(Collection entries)
......

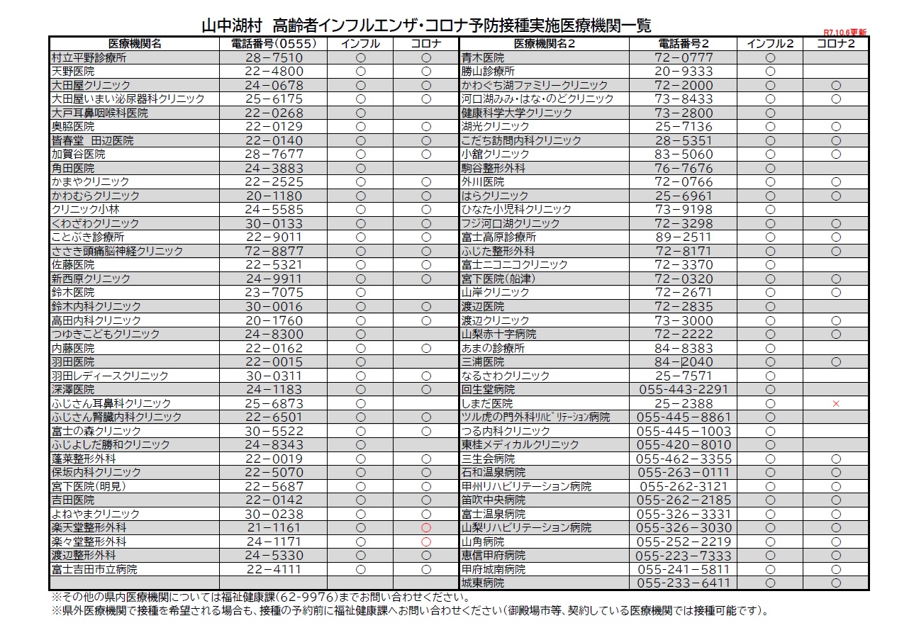 山梨県内の医療機関(御殿場市などの契約医療機関も可) |
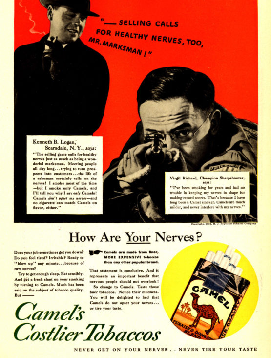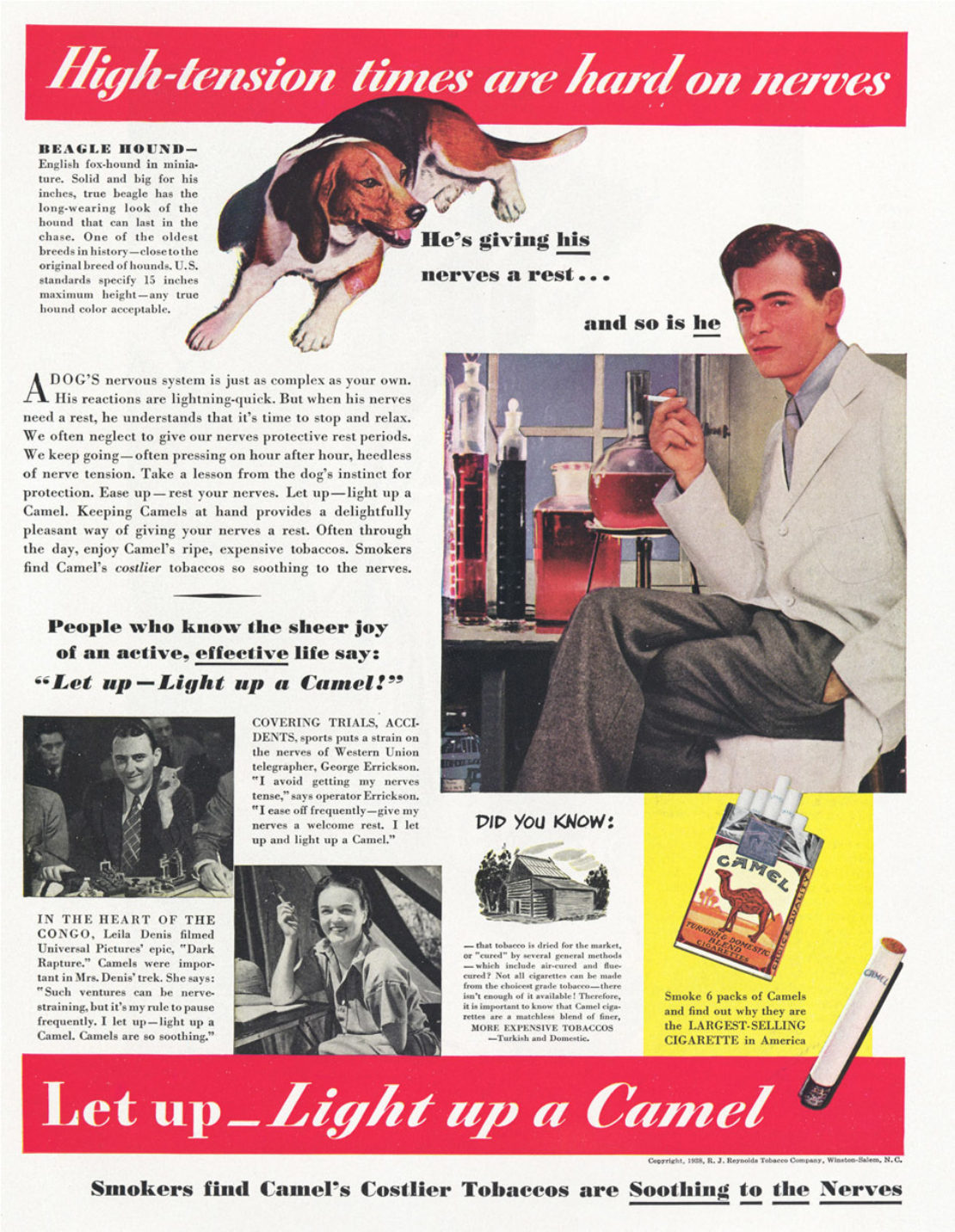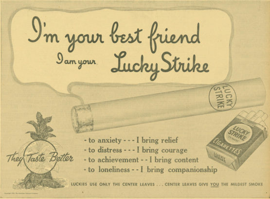 Why were tobacco manufacturers so interested in stress? First of all cigarettes were marketed as a stress reliever. "To anxiety… I bring relief," reads a 1930s advertisement for Lucky Strike. So if research could help them pin poor mental and physical health to stress, this sort of message would carry more weight. (Incidentally, the still widespread belief that smoking reduces anxiety appears to be wrong).
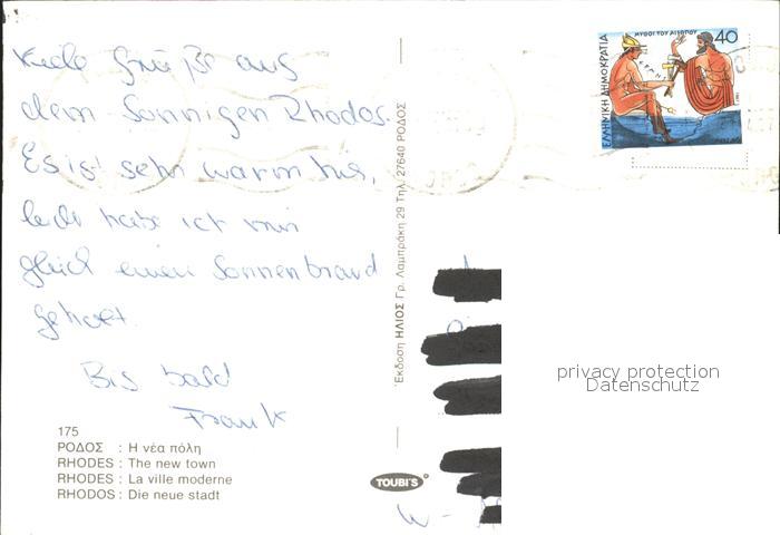 old postcard Rhodos Rhodes aegaeis Neue Stadt postalisch gelaufen Erhaltung siehe scans
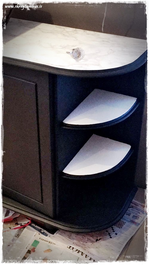 …ég hélt tveimur hillum hvítum, það er ekki pörfekt, en planið er að skera úr marmarafilmu á þær rétt eins og á toppinn…
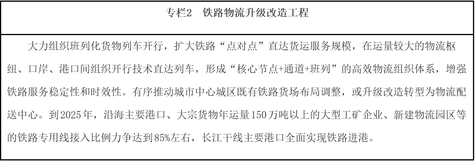 推進(jìn)結(jié)構(gòu)性降成本。加快推進(jìn)鐵路專用線進(jìn)港區(qū)、連園區(qū)、接廠區(qū),合理有序推進(jìn)大宗商品等中長距離運(yùn)輸“公轉(zhuǎn)鐵”、“公轉(zhuǎn)水”。完善集裝箱公鐵聯(lián)運(yùn)銜接設(shè)施,鼓勵發(fā)展集拼集運(yùn)、模塊化運(yùn)輸、“散改集”等組織模式,發(fā)揮鐵路干線運(yùn)輸成本低和公路網(wǎng)絡(luò)靈活優(yōu)勢,培育有競爭力的“門到門”公鐵聯(lián)運(yùn)服務(wù)模式,降低公鐵聯(lián)運(yùn)全程物流成本。統(tǒng)籌沿海港口綜合利用,提升大型港口基礎(chǔ)設(shè)施服務(wù)能力,提高碼頭現(xiàn)代化專業(yè)化規(guī)模化水平,加快推進(jìn)鐵水聯(lián)運(yùn)銜接場站改造,提高港口鐵路專用線集疏網(wǎng)絡(luò)效能,優(yōu)化作業(yè)流程。完善內(nèi)河水運(yùn)網(wǎng)絡(luò),統(tǒng)籌江海直達(dá)、江海聯(lián)運(yùn)發(fā)展,發(fā)揮近海航線、長江水道、珠江水道等水運(yùn)效能,穩(wěn)步推進(jìn)貨物運(yùn)輸“公轉(zhuǎn)水”。推進(jìn)鐵水聯(lián)運(yùn)業(yè)務(wù)單證電子化,促進(jìn)鐵路、港口信息互聯(lián),實(shí)現(xiàn)鐵路現(xiàn)車、裝卸車、貨物在途、到達(dá)預(yù)確報以及港口裝卸、貨物堆存、船舶進(jìn)出港、船期艙位預(yù)定等鐵水聯(lián)運(yùn)信息交換共享。支持港口、鐵路場站加快完善集疏運(yùn)油氣管網(wǎng),有效對接石化等產(chǎn)業(yè)布局,提高管道運(yùn)輸比例。

......

What is being asked —
Line for line, output the entries above from the line with "Why were tobacco" to the line with "og á toppinn…", both included, and nothing more. Skip pictures.

Result —
 Why were tobacco manufacturers so interested in stress? First of all cigarettes were marketed as a stress reliever. "To anxiety… I bring relief," reads a 1930s advertisement for Lucky Strike. So if research could help them pin poor mental and physical health to stress, this sort of message would carry more weight. (Incidentally, the still widespread belief that smoking reduces anxiety appears to be wrong).
 old postcard Rhodos Rhodes aegaeis Neue Stadt postalisch gelaufen Erhaltung siehe scans
 …ég hélt tveimur hillum hvítum, það er ekki pörfekt, en planið er að skera úr marmarafilmu á þær rétt eins og á toppinn…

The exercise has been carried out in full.